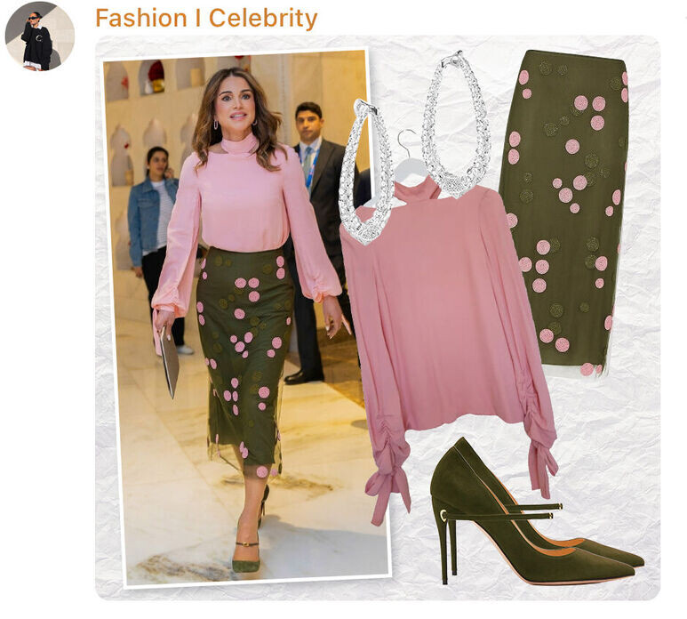 Королева Иордании Рания аль-Абдалла посетила Всемирный бизнес-саммит, проходящий в Нью-Дели, в Индии. В центре деловой программы — вопросы цифровизации, партнерства в области инноваций и вовлечения женщин в глобальную экономику. Однако не меньший интерес у прессы и общественности вызвал образ королевы, продуманный до мельчайших деталей. Для встречи с лидерами мнений и бизнеса она выбрала ансамбль в нестандартной цветовой гамме: нежно-розовая блуза с драматичными объемными рукавами и юбка-карандаш оливкового оттенка, с трендовым принтом полька-дот. Дополнили аутфит элегантные туфли-лодочки и тонкий клатч. Эксперты тут же признали вещи от известных брендов: блузка от Rosetta Getty; юбка от Fendi; туфли от Jennifer Chamandi; серьги от Boghossian Jewels. Сочетание пастельного розового и приглушенного зеленого тут же окрестили в Сети «мягкой силой», поскольку образ получился одновременно строгим и открытым. Эксперты по этикету отмечают: выбор палитры для визита в Индию отнюдь не случаен. Пр
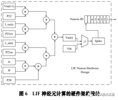LIF神经元计算模块采用流水线设计来提高吞吐率,如图7所示,由神经元输入缓冲经过一系列 乘加运算得到当前的神经元膜电位,如果膜电位大于阈值则会输出结果到神经元输出缓冲,输出的脉冲携带神经元的id(Identity),将发出脉冲的神经元id存储到共享内存,并按照输出顺序排列在一段连续的内存空间,设置结束标志位为0,直到读取到0,则说明本轮神经元更新所发射的脉冲读取完毕。单个神经元计算模块存在4个乘法并行单元,以及2个加法并行单元,充分利用了神经元计算模块内的并行性。
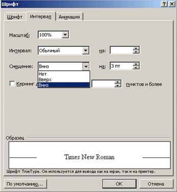 Вторая вкладка задает межбуквенный интервал и смещение текста относительно базовой строки. Межбуквенный интервал может быть разреженный или уплотненный. Расстояние между буквами задается в пунктах (пт). Поскольку размер шрифта также рассчитывается в пунктах, то степень разреженности или уплотненности текста зависит от выбранного размера шрифта.
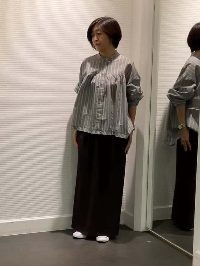 秋っぽさも感じさせるブラウスは前後差があるのでスカートにアウトで合わせてもバランス◎
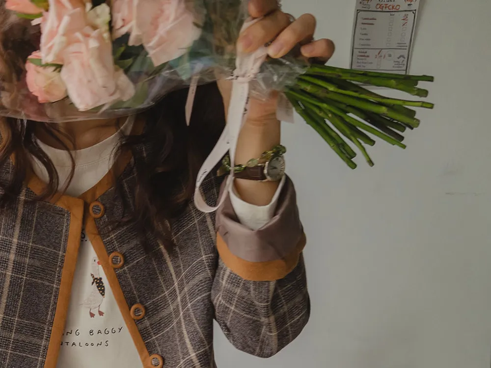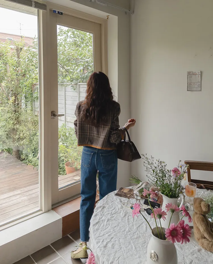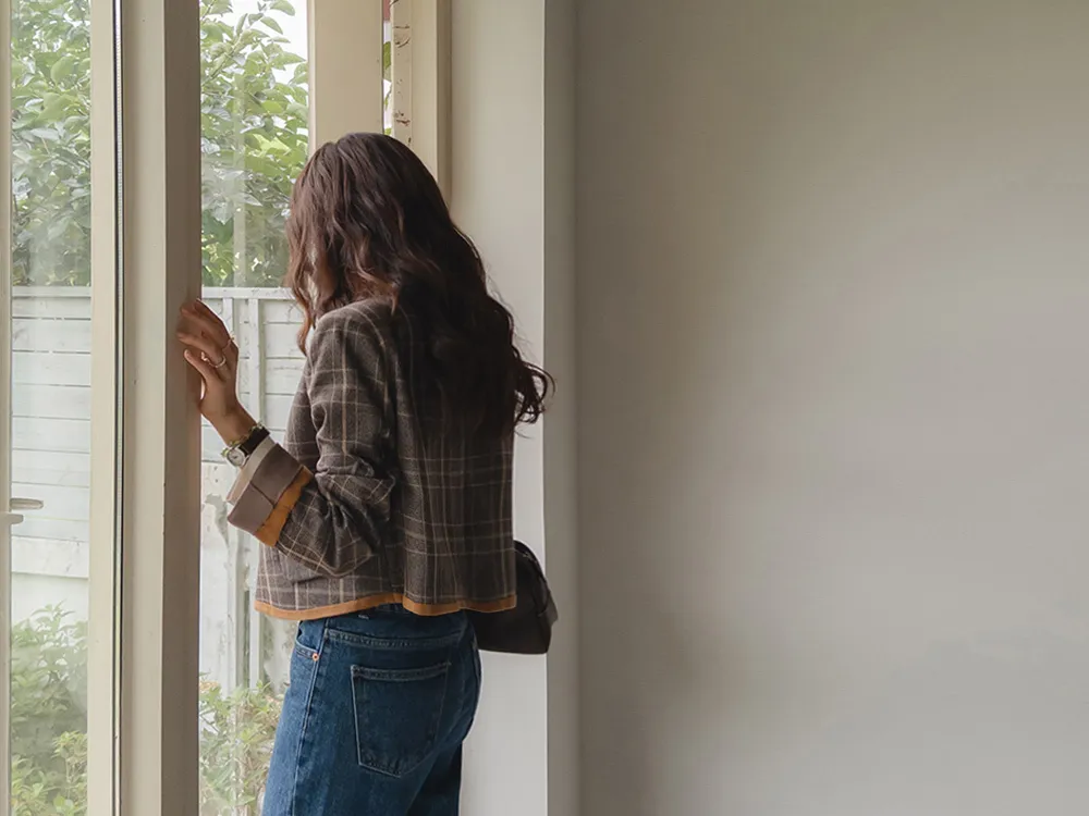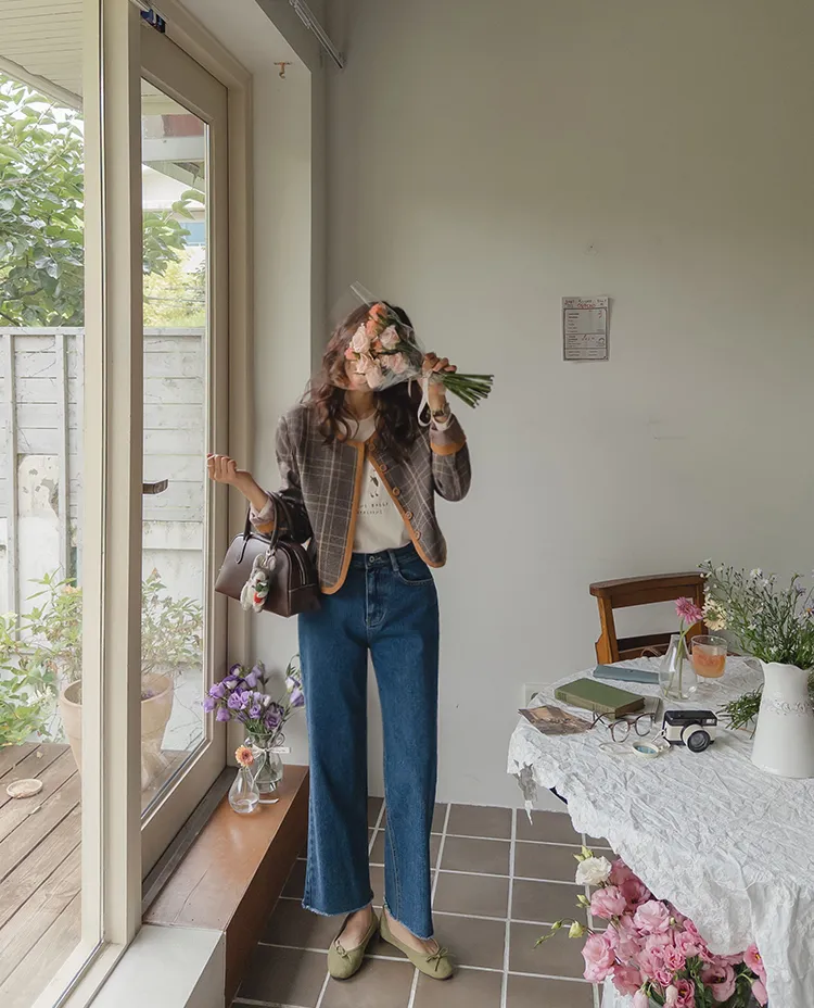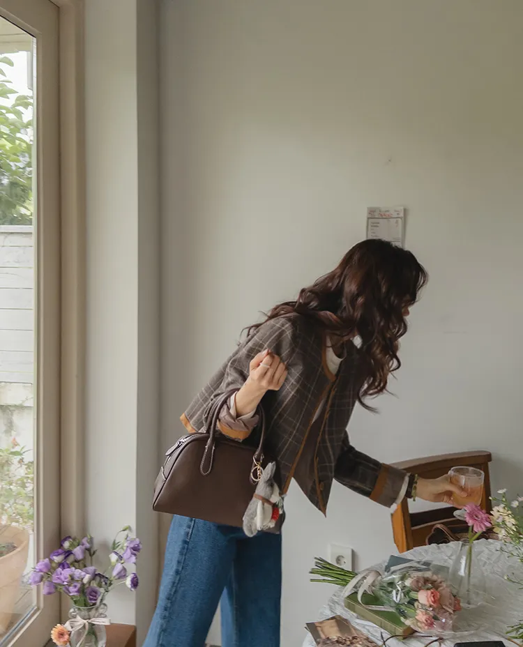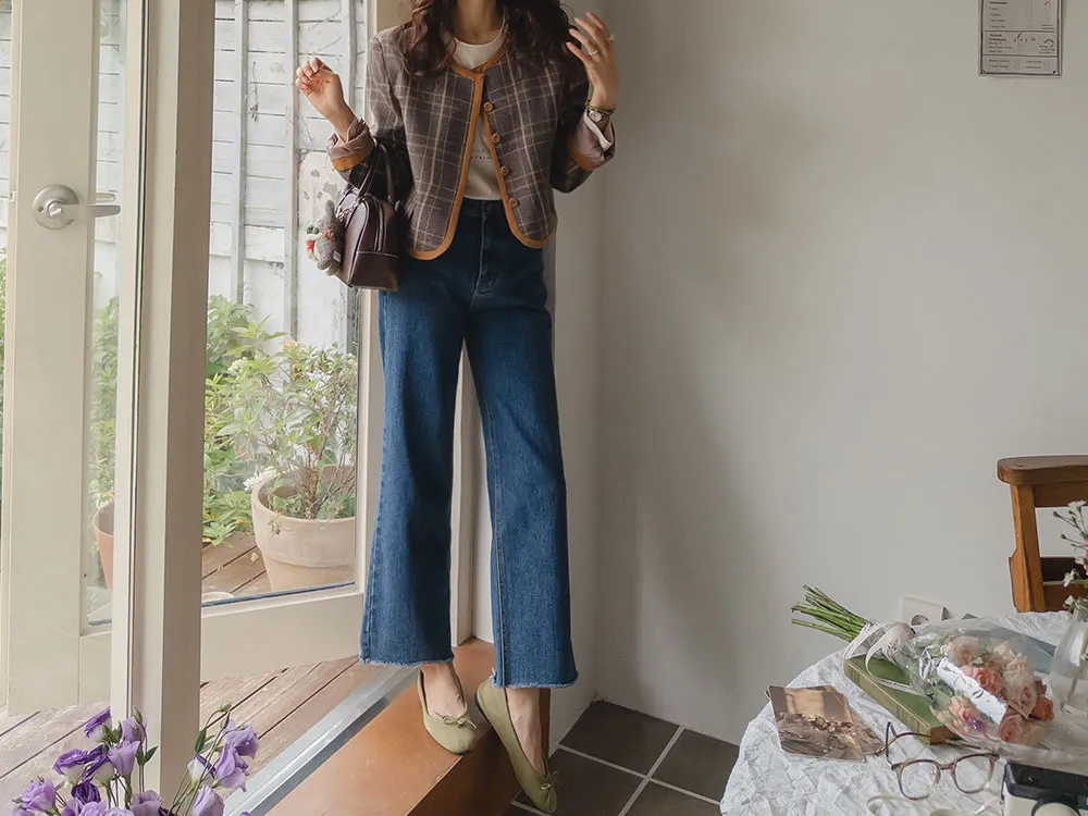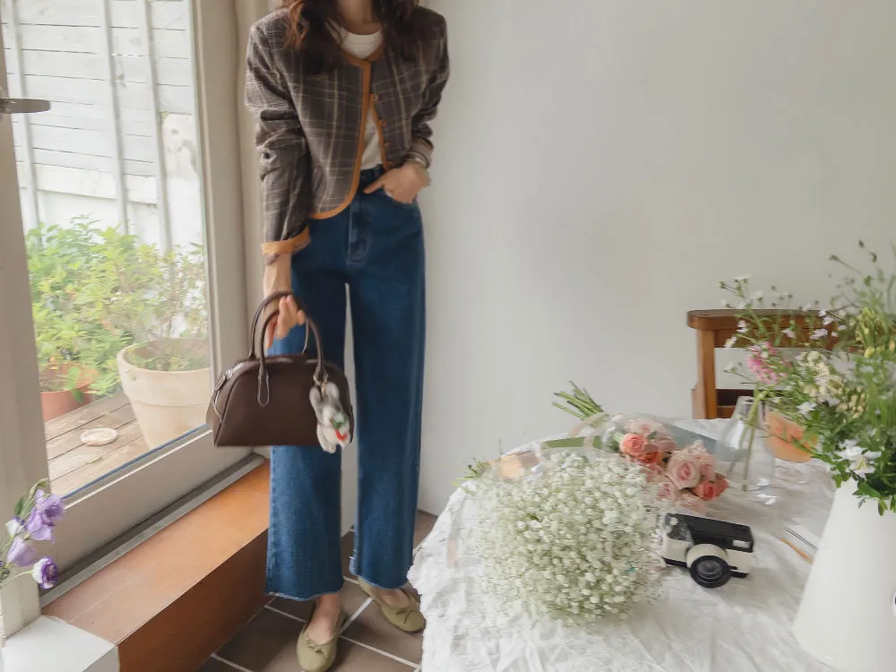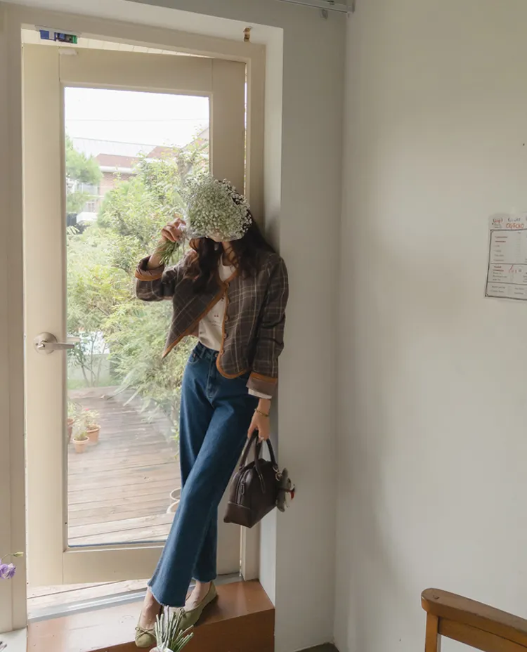 【時尚格紋+麂皮配色的外套】【雖然是含有天絲和氨綸面料的外套,但是輕薄舒適~】【獨特的鈕扣提升細節品質!
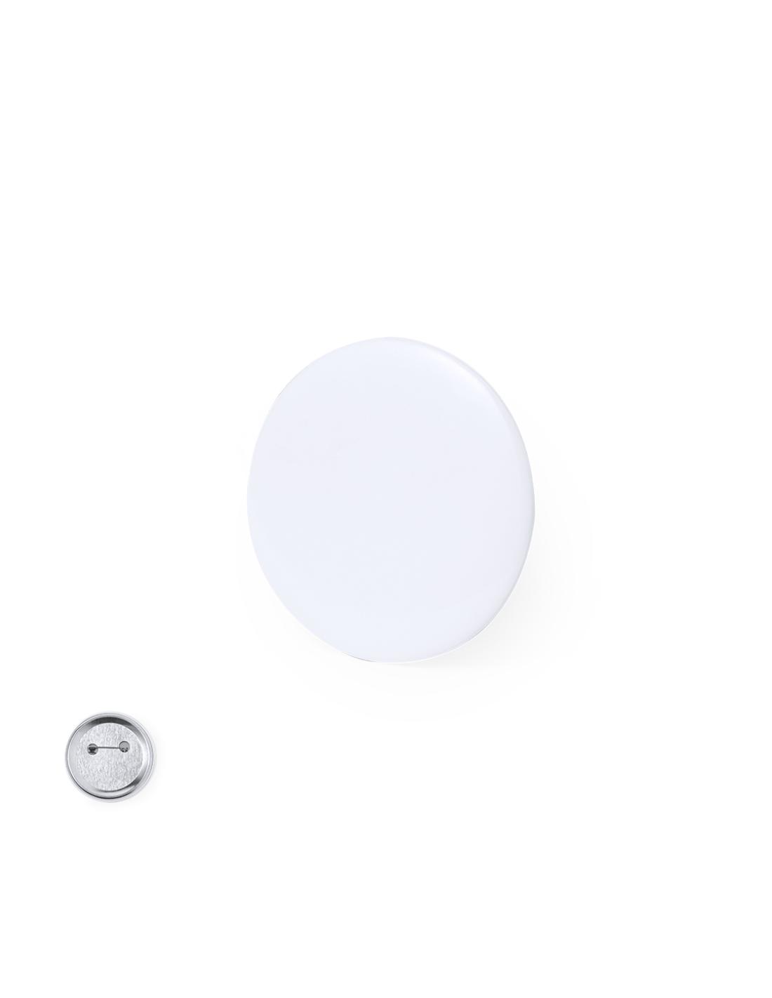 Excelente pin de color blanco de gran tamaño. Accesorio versátil para la estampación de multitud de diseños gracias a su base blanca, adaptable a cualquier tejido gracias a su imperdible situado en la parte posterior.

*Work instructions*
Repeat the listing above up to and including the line with "LIF神经元计算模块采用流水", starting from its first line. Drop any pictures.

*Answer to this task*
 Королева Иордании Рания аль-Абдалла посетила Всемирный бизнес-саммит, проходящий в Нью-Дели, в Индии. В центре деловой программы — вопросы цифровизации, партнерства в области инноваций и вовлечения женщин в глобальную экономику. Однако не меньший интерес у прессы и общественности вызвал образ королевы, продуманный до мельчайших деталей. Для встречи с лидерами мнений и бизнеса она выбрала ансамбль в нестандартной цветовой гамме: нежно-розовая блуза с драматичными объемными рукавами и юбка-карандаш оливкового оттенка, с трендовым принтом полька-дот. Дополнили аутфит элегантные туфли-лодочки и тонкий клатч. Эксперты тут же признали вещи от известных брендов: блузка от Rosetta Getty; юбка от Fendi; туфли от Jennifer Chamandi; серьги от Boghossian Jewels. Сочетание пастельного розового и приглушенного зеленого тут же окрестили в Сети «мягкой силой», поскольку образ получился одновременно строгим и открытым. Эксперты по этикету отмечают: выбор палитры для визита в Индию отнюдь не случаен. Пр
LIF神经元计算模块采用流水线设计来提高吞吐率,如图7所示,由神经元输入缓冲经过一系列 乘加运算得到当前的神经元膜电位,如果膜电位大于阈值则会输出结果到神经元输出缓冲,输出的脉冲携带神经元的id(Identity),将发出脉冲的神经元id存储到共享内存,并按照输出顺序排列在一段连续的内存空间,设置结束标志位为0,直到读取到0,则说明本轮神经元更新所发射的脉冲读取完毕。单个神经元计算模块存在4个乘法并行单元,以及2个加法并行单元,充分利用了神经元计算模块内的并行性。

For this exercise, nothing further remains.